MixEval offers five significant advantages for practitioners:
- **Accurate** model ranking, demonstrated by a 0.96 correlation with Chatbot Arena1.
- **Fast**, **cheap** and **reproducible** execution, requiring only 6% the time and cost of MMLU and with no dependence on human input.
- **Dynamic** benchmarking enabled by low-effort and stable updating mechanism.
- A **comprehensive** and **less biased** query distribution, as it bases queries on a large-scale web corpus.
- A **fair** grading process, ensured by the ground-truth-based grading mechanism.

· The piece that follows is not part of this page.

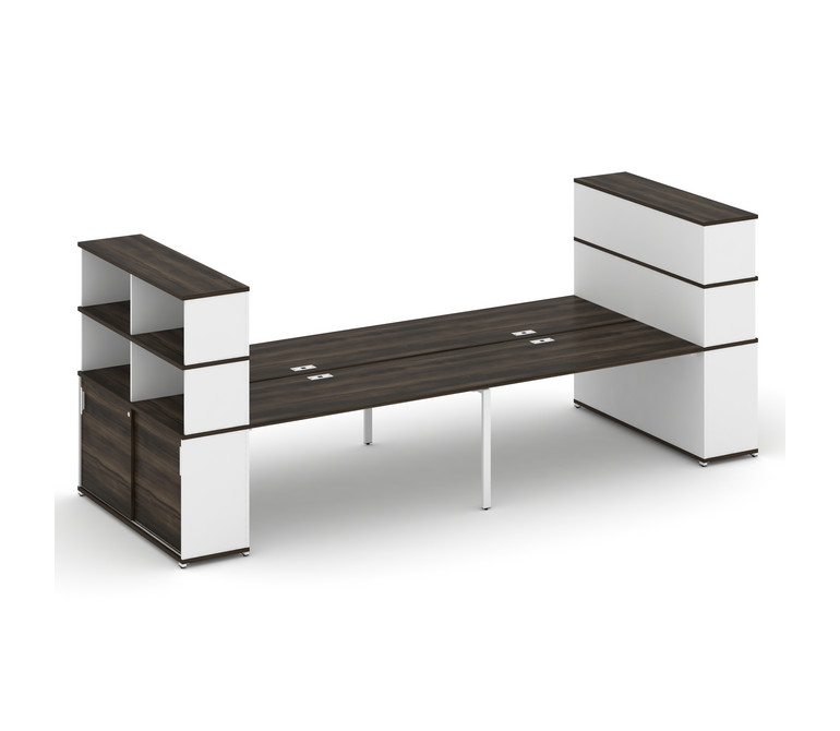 Concept Рабочая станция с опорными шкафами-купе с надставкой выс. CN.DRS-288 W Дуб Мали/Белый Брилли

# How Effective is MixEval as a Benchmark Mixture Approach?
MixEval is effective as
- MixEval and MixEval-Hard achieve the highest correlation with Arena Elo and Arena Elo (En) among all benchmarks.
- MixEval improves the correlation with Arena Elo and Arena Elo (En) across all its main benchmark splits.
- MixEval outperforms both benchmark-level and uniform mixtures.
- MixEval effectively maps real-world user queries to ground-truth-based benchmarks.


# 🦾 Contribute

Feel free to hit the ⭐**star** button or 🦾**contribute**! We review new issues and PRs regularly and will acknowledge your contributions!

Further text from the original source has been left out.